The spec on SleepEx() is if you set the delay to zero it will immediately return if there is no other thread to run. Set it to SleepEx,1,0 and you will force a yield even if there is no other thread on that core that is waiting.

[MichaelW]

if a thread uses Sleep to allow other threads to run...
then using a smaller elapse time means the thread is consuming more time checking the semaphore   :P

Regarding the use of Sleep 0, if there is no other thread ready to run then what is the problem with consuming time checking the semaphore?

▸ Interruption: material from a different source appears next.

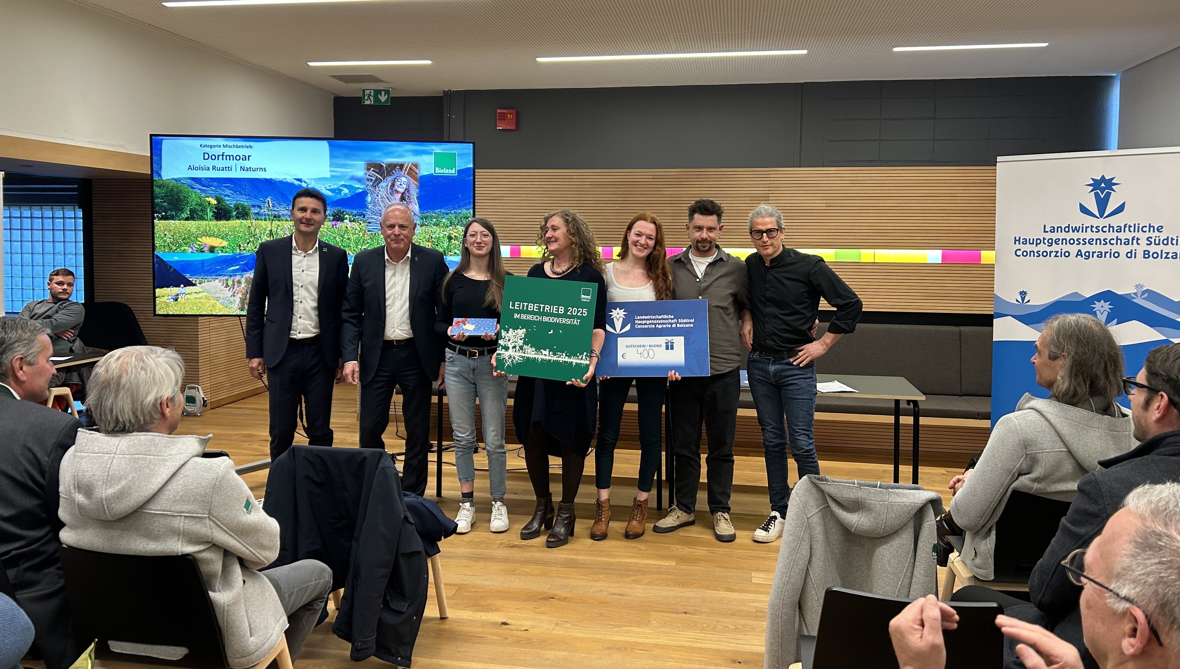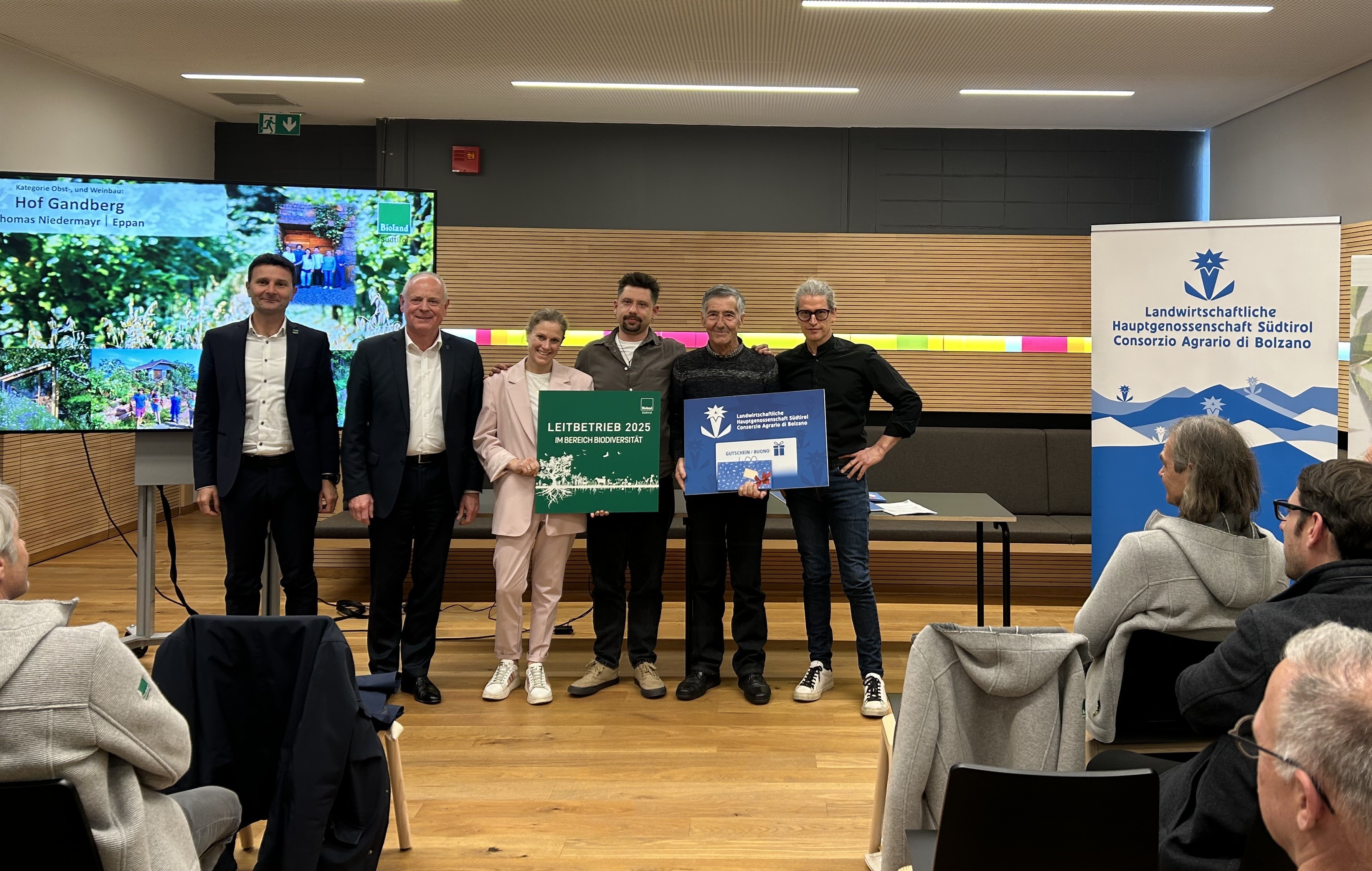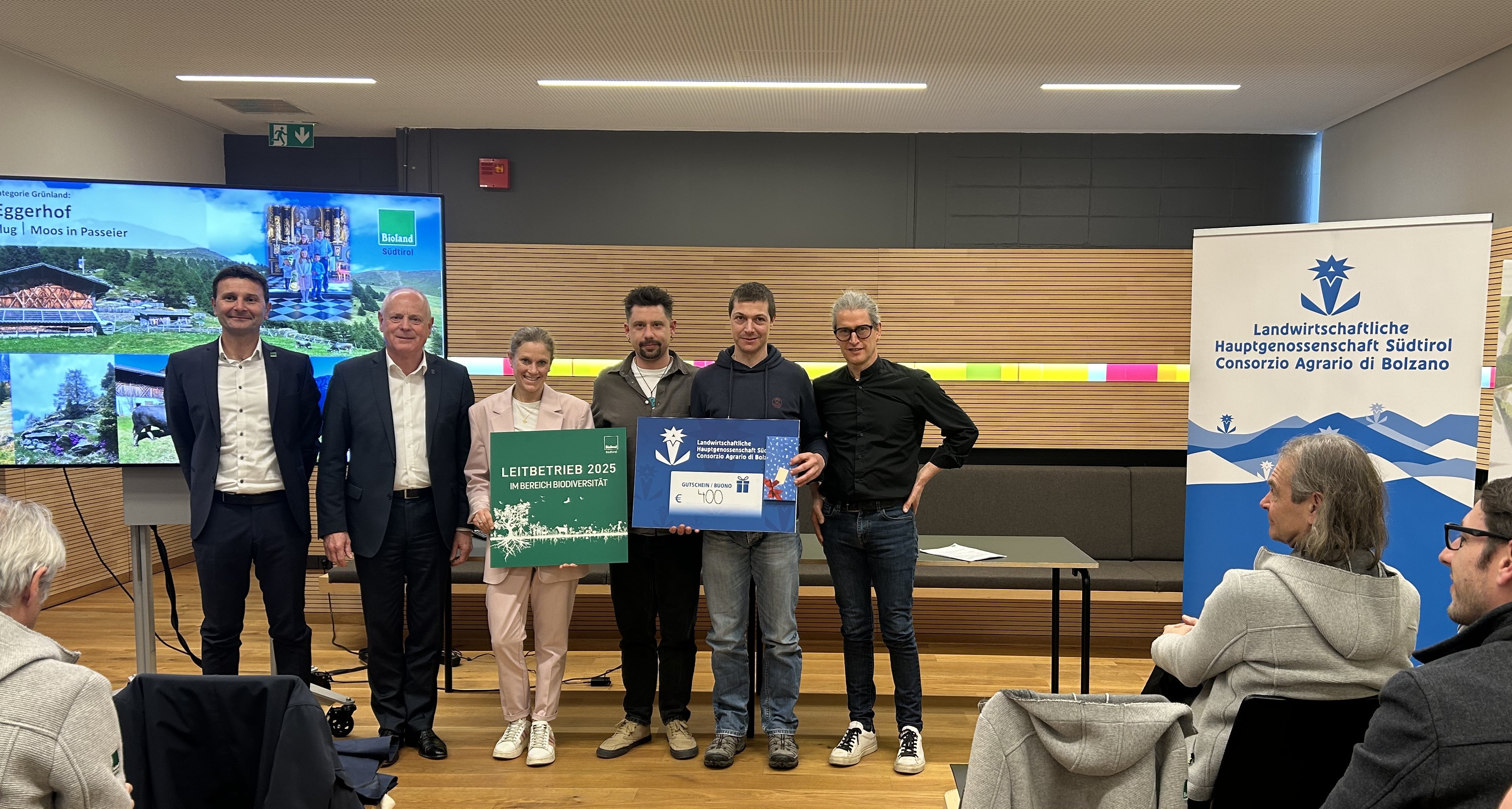 Wie jedes Jahr erhalten die Gewinner nicht nur ein Leitbetriebsschild, sondern auch – dank der Zusammenarbeit zwischen Bioland Südtirol und der Landwirtschaftlichen Hauptgenossenschaft – einen Gutschein im Wert von 400 Euro für den Einkauf ökologisch wertvoller Materialien.

And if there is some other thread ready to run, then it will receive whatever is left of the current timeslice, which I think would typically be most of the timeslice.

[dedndave]

the assumption there is that if some other thread owns the semaphore, it must be doing something   :P
you want to allow it to finish it's work so it will release the semaphore

[jj2007]

MSDN: If you specify 0 milliseconds, the thread will relinquish the remainder of its time slice but remain ready. Note that a ready thread is not guaranteed to run immediately

My interpretation is that
- there is always another thread ready to run;
- the next action of the current thread happens in precisely the moment when it's been given a crispy fresh timeslice, which might not be "immediately".